What the task asks: With no additions or omissions, print the listing that follows.

Supplied material:
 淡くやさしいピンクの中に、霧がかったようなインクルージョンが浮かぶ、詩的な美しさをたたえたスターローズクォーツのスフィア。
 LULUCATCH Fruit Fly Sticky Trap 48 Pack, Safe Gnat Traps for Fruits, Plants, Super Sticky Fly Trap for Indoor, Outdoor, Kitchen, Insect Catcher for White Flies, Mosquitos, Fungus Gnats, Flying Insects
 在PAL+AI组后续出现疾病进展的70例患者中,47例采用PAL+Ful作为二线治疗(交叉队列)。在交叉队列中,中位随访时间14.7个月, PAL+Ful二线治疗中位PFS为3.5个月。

Answer below:
 淡くやさしいピンクの中に、霧がかったようなインクルージョンが浮かぶ、詩的な美しさをたたえたスターローズクォーツのスフィア。
 LULUCATCH Fruit Fly Sticky Trap 48 Pack, Safe Gnat Traps for Fruits, Plants, Super Sticky Fly Trap for Indoor, Outdoor, Kitchen, Insect Catcher for White Flies, Mosquitos, Fungus Gnats, Flying Insects
 在PAL+AI组后续出现疾病进展的70例患者中,47例采用PAL+Ful作为二线治疗(交叉队列)。在交叉队列中,中位随访时间14.7个月, PAL+Ful二线治疗中位PFS为3.5个月。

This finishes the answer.